I was watching this reality show on the outdoor network with Ted Nugent and he was gutting a whitetail he shot. Oh Lord, I want to go deer hunting so bad I can taste it. I feel like Ive been gypped out of my chance to kill a deer--every year, theyre out of range, or my rifle is underpowered, or someone (AAAAAAAAAAAAARG) shoots before I get the chance to get into position...and now Im in Texas, I have nowhere to go. Its shameful. It makes me feel worthless. I suppose I put too much emphasis on hunting (wait, no I dont! screw you PETA nuts! Arise, kill and eat!) but there really is nothing more I enjoy in life than tracking an animal, the growing anticipation, then only time with a rifle, the primal urge to eat your prey's heart (just kidding...sort of).

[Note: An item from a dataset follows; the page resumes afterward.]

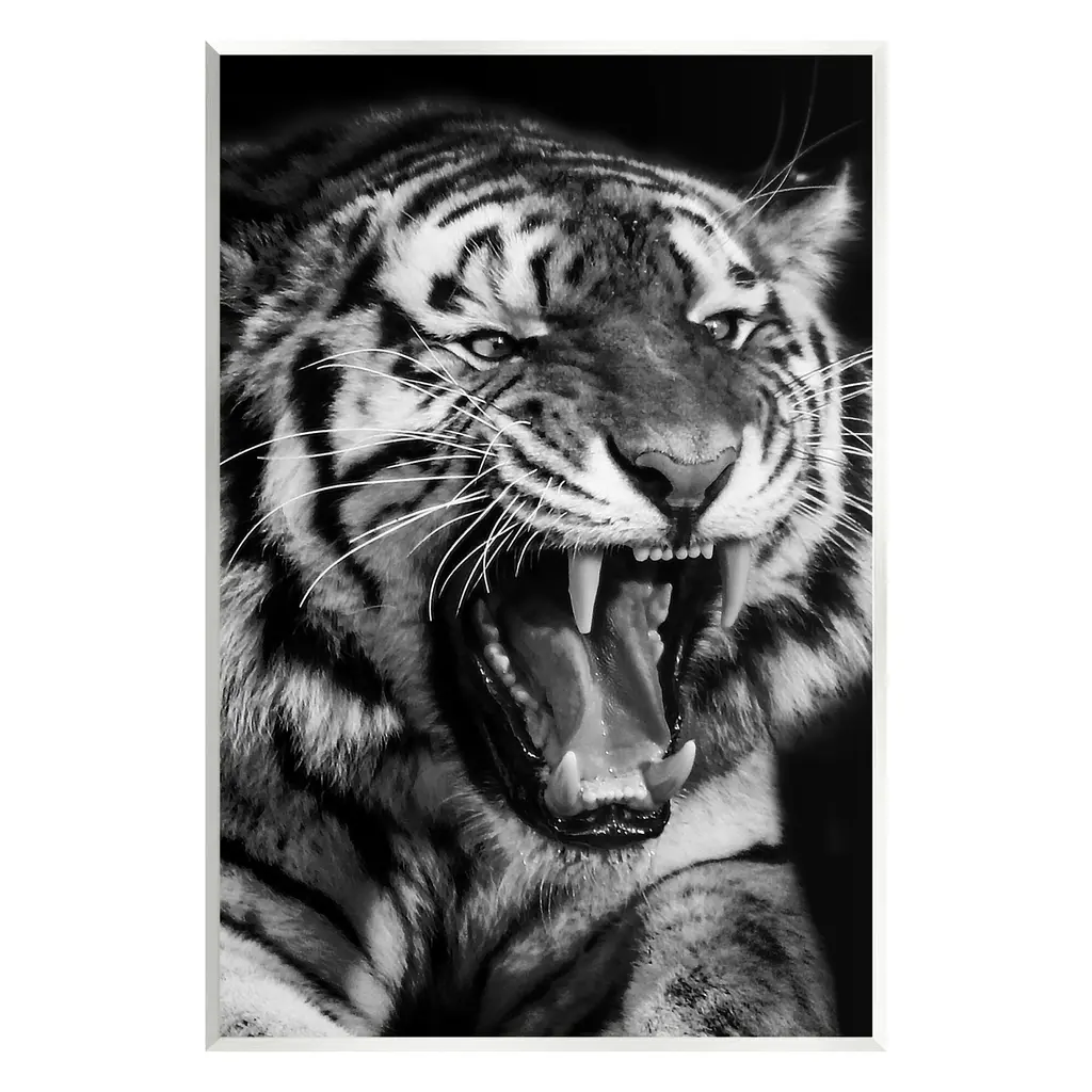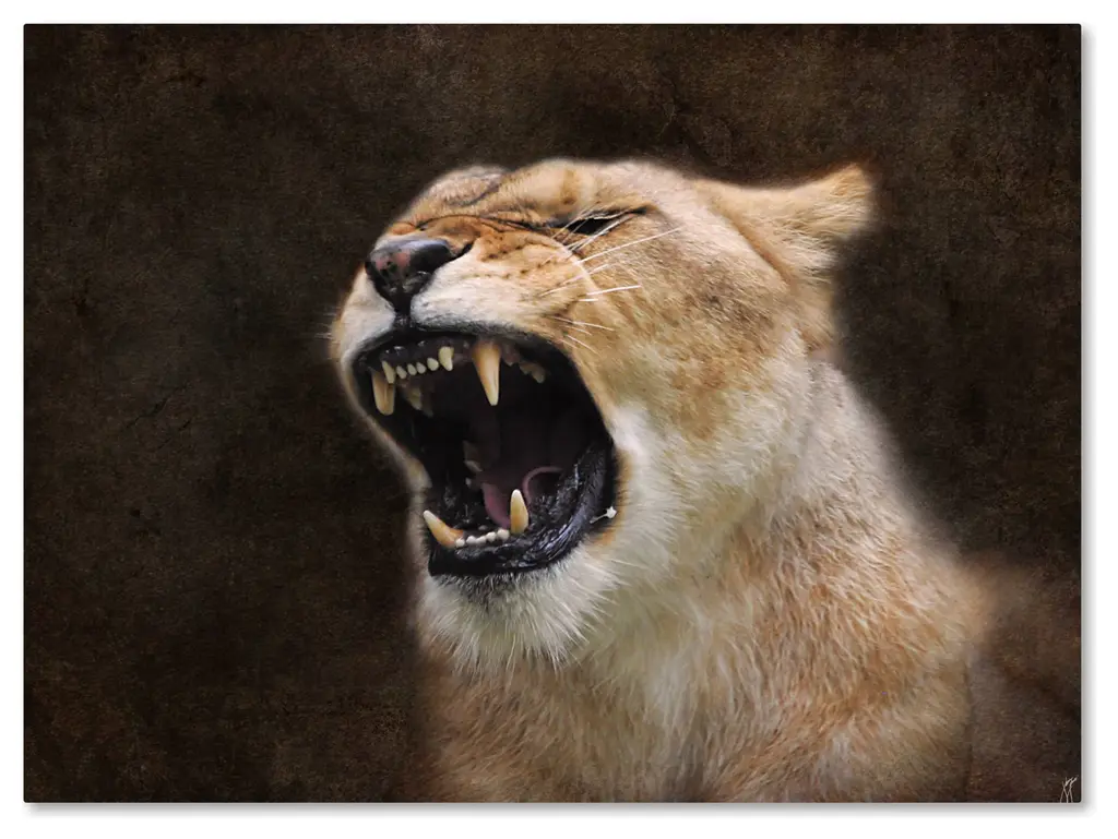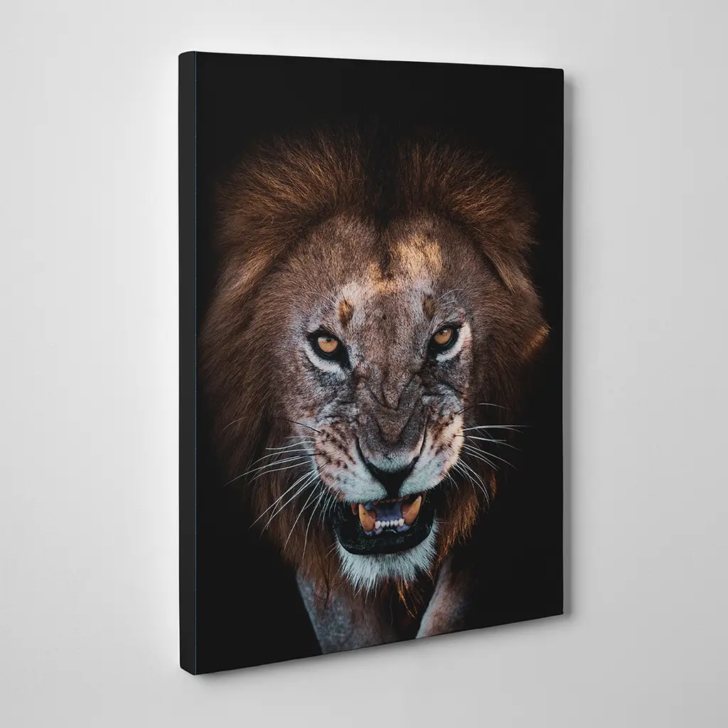 Artist: Jai JohnsonSubject: AnimalsStyle: Modern & ContemporaryProduct Type: Gallery-Wrapped Canvas ArtMade in USAThis ready to hang, gallery-wrapped art piece features a lion roaring in the center of a black frame.Jai Johnson is a photographic artist living in West Tennessee who loves to spend her days in nature capturing life's most serene and peaceful moments, whether it be in landscapes, birds and wildlife, or the beauty of a simple flower. While her favorite subjects usually feature fur or feathers, rural country scenes and simple things also capture her photographic eye when she's behind the lens. When she's not out in nature capturing wildlife on camera, Jai spends her time in her studio transforming many of her original photographs into unique art by pairing them with hand-painted textures to create luxurious imagery filled with warmth, light, and color.Giclee (jee-clay) is an advanced printmaking process for creating high quality fine art reproductions. The attainable excellence that Giclee printmaking affords makes the reproduction virtually indistinguishable from the original piece. The result is wide acceptance of Giclee by galleries, museums, and private collectors. Gallery wrap is a method of stretching an artist's canvas so that the canvas wraps around the sides and is secured a hidden, wooden frame. This method of stretching and preparing a canvas allows for a frameless presentation of the finished painting.

Sigh...Ill just...keep on...working.

More to come, Ive just been swamped lately.

Sunday, August 20, 2006

A Temporal Oddity

Starting tomorrow, Im back in college. Hooray for me! After a nice little three semester soul search, Im hitting the books once more soundly with my head. The fellers at work say that I wont be able to juggle school and work at the same time, but then again, they said I couldnt cut 14 hours of work down to six. And I did. So smooch my overachieving kiester. My ACT scores should ensure my free passage--if not, UPS will kindly pick up the tab. Nice gig, eh? I think Ill take Biology for starters along with a little algebra. I feel the need for mathematics. My brain is starved for information.

Also wik (get it?) I have this old flute that I pulled out of the trash in high school (it was an old teachers flute and my band director chucked it since its not worth much....) and I brought it back to Dallas to pawn, but I realized its not worth that much so I think Ill learn to play. I can figger it out. I already play horn, so why not a step down (hyuk hyuk) to woodwinds?

In other news, my cube mate is most likely going to move down to Austin. This is quite depressing--if he does, Ill get another promotion, but its a really sorry consolation. The crew of three in my department (all three of us are 20) will be down to two.

Thursday, August 17, 2006

More to come, I swear

Work is slow, my brain is slower. Ill post some...stuff...later on.

Thursday, August 10, 2006

Ive got Buell fever

BEHOLD! The Buell Lightning XB12Ss! Buell is the brainchild of a former Harley-Davidson designer gone rogue; he later returned to HD and is now working as a subsidiary. What you get from the whole deal is an American streetbike made by Harley with a 1200cc V-twin on a 400 pound frame. Hooray! To add to the deal, Buell has sleek design and mucho amounts of technical innovation--putting the oil reservoir in the swingarm, the gas in the frame to increase center of balance--and thats such a kick butt color! I had my doubts before, but this new model has an extra-long frame to accomodate taller riders (like me), so its now feasible to ride one without my ankles dragging.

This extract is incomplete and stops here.